Vi har utviklet prototyper som er fullt funksjonelle og har dimensjoner som er tilpasset små barn og den har funksjoner som gjør det mye lettere å motiviere små barn og særlig barn med Prader Willi Syndrom (PWS) og deres omsorgspersoner til å bruke «devicen». Vi har produsert avanserte og unike slikonmodeller og ny metode- Deponeringstudier som vi har gjennomført med denne metoden i silikonmodellen har gitt svært spennende og til dels uventede resultater som trolig kan føre til nye patenter. Utvikling av nye metoder for visualisering av deponering i nesemodeller. 3D-animasjoner og «kunstig virkelighet»-Disse nye visualiseringsverktøyene er svært nyttige for instruksjon og opplæring av fagpersoner, patienter i alle aldre og deres omsorgspersoner og vi vil også bruke dem kommersielt.

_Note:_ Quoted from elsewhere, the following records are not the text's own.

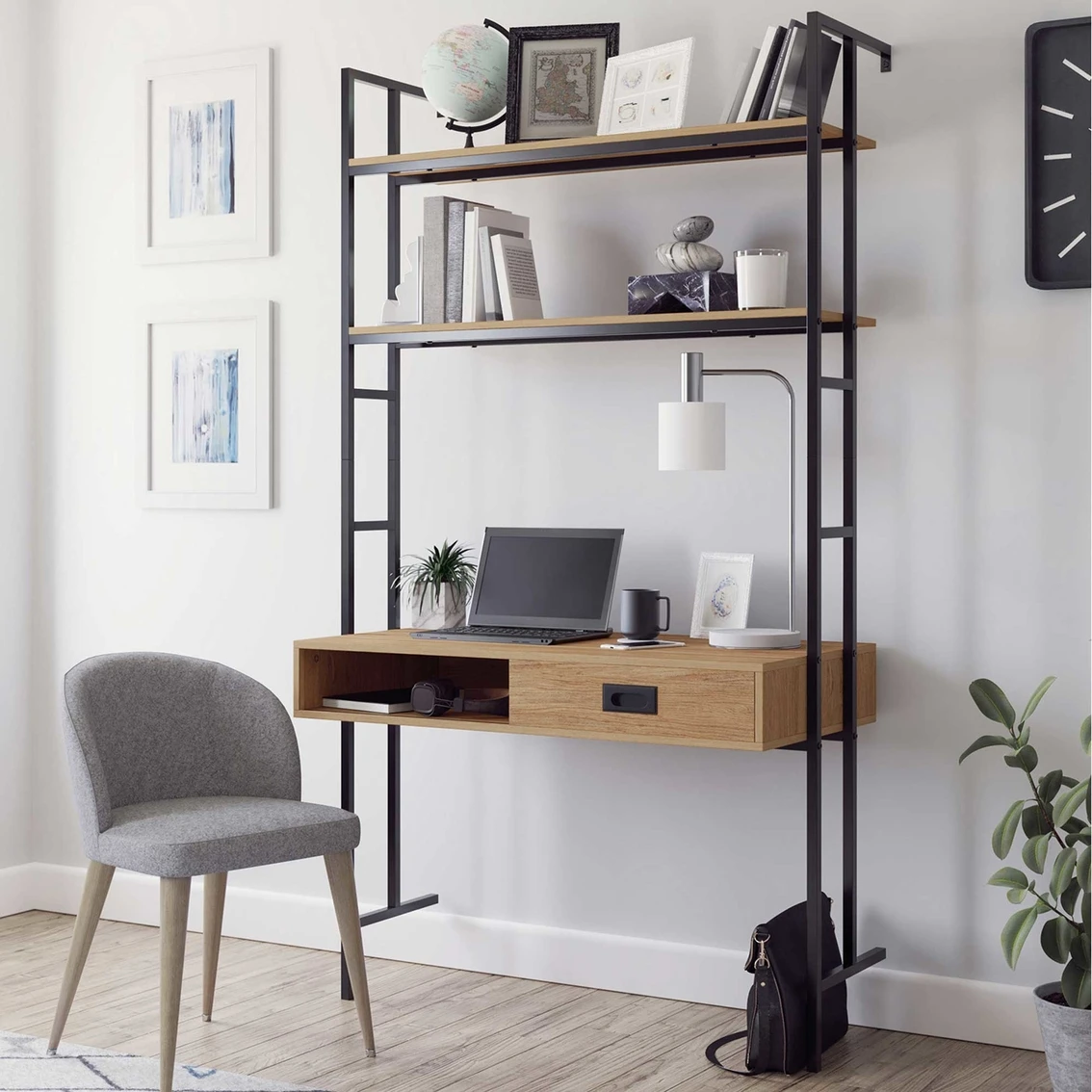 Create a convenient spot in your home office to work on your next big project or simply jot down your grocery list with this wall-mounted desk from the Sauder New Hyde collection. This desk with drawers and shelves offers a work surface with ample space for desk essentials like notepads, folders, laptop and an accent lamp. The wall desk’s two storage drawers open and close on smooth metal runners for easy-access storage of pens, envelopes, highlighters and stamps. This desk has shelves above to provide space to store and organize items like knick-knacks, organizing bins and photos of your family and friends. Its mid-century design paired with its durable, black powder-coated metal frame adds a touch of style that is sure to stand out in your home. Finished in Serene Walnut, this unique home office desk is everything you never knew you needed.
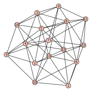sage: Gamma.spectrum() [6, 2, 2, 2, 2, 2, 2, -2, -2, -2, -2, -2, -2, -2, -2, -2] sage: [walsh_transform(f, a) for a in V] [4, 4, 4, -4, 4, 4, 4, -4, 4, 4, 4, -4, -4, -4, -4, 4] sage: Omega_f = [v for v in V if f(v)==1] sage: len(Omega_f) 6 sage: Gamma.is_bipartite() False sage: Gamma.is_hamiltonian() True sage: Gamma.is_planar() False sage: Gamma.is_regular() True sage: Gamma.is_eulerian() True sage: Gamma.is_connected() True sage: Gamma.is_triangle_free() False sage: Gamma.diameter() 2 sage: Gamma.degree_sequence() [6, 6, 6, 6, 6, 6, 6, 6, 6, 6, 6, 6, 6, 6, 6, 6] sage: show(Gamma) # bent-fcns-cayley-graphs1.png
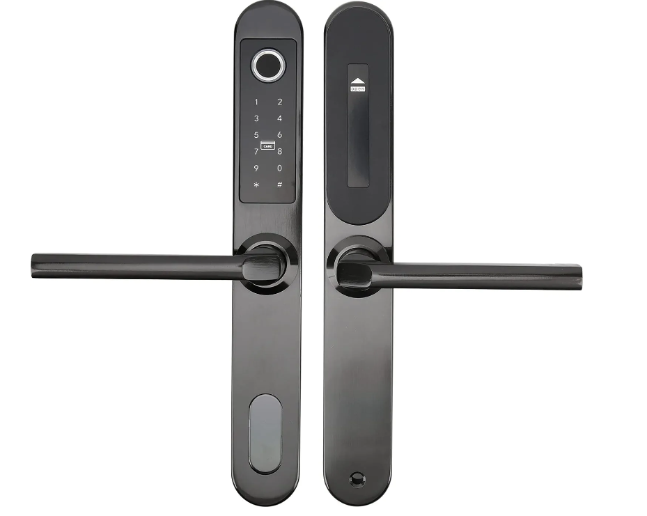 1. Move the handle up and the door will lock - the pin code does NOT need to be entered.

The primary objective of this project extension is to assess if an OptiNose exhalation delivery system used in adults is suitable for use in adolescents and children. Data suggest that oxytocin delivered with an OptiNose system may offer nose-to-brain (N2B) activity in adults. It is desirable to make future treatment regimens also available, for example for autism spectrum disorder (ASD), to children and adolescents, but it is not known if the delivery system is suitable for pediatric use. Unfortunately, ASD is a complex disorder, with a heterogeneous etiology, and the research program required is commensurately challenging. It has been determined that Prader Willy syndrome (PWS) will be the first planned indication for an OptiNose exhalation delivery form of oxytocin. Nasal oxytocin has shown promising effects in PWS, a complex genetic neurodevelopmental disorder with cognitive/behavioral problems and obesity starting in early childhood where there is a high level of unsatisfied medical need for new treatment options. PWS is also classified as an orphan indication, offering important advantages in development time and exclusivity. This extension project will test fit and usability in subjects under 18 of an exhalation delivery system known to be usable in an adult population and will collect anthropometric data. The study will begin with the oldest age sub-group (16-17 year old) and progress down towards the youngest (6-7 year old) until failure occurs. Anthropometric data will help establish appropriate dimensions of an exhalation delivery system. If the fit or usability among age groups of subjects do not meet pre-defined levels, it may be determined that changes to the product design (for example, length of the flexible mouthpiece) may help subjects obtain an appropriate fit. In that case, OptiNose may develop prototypes and test fit and usability in relevant age groups.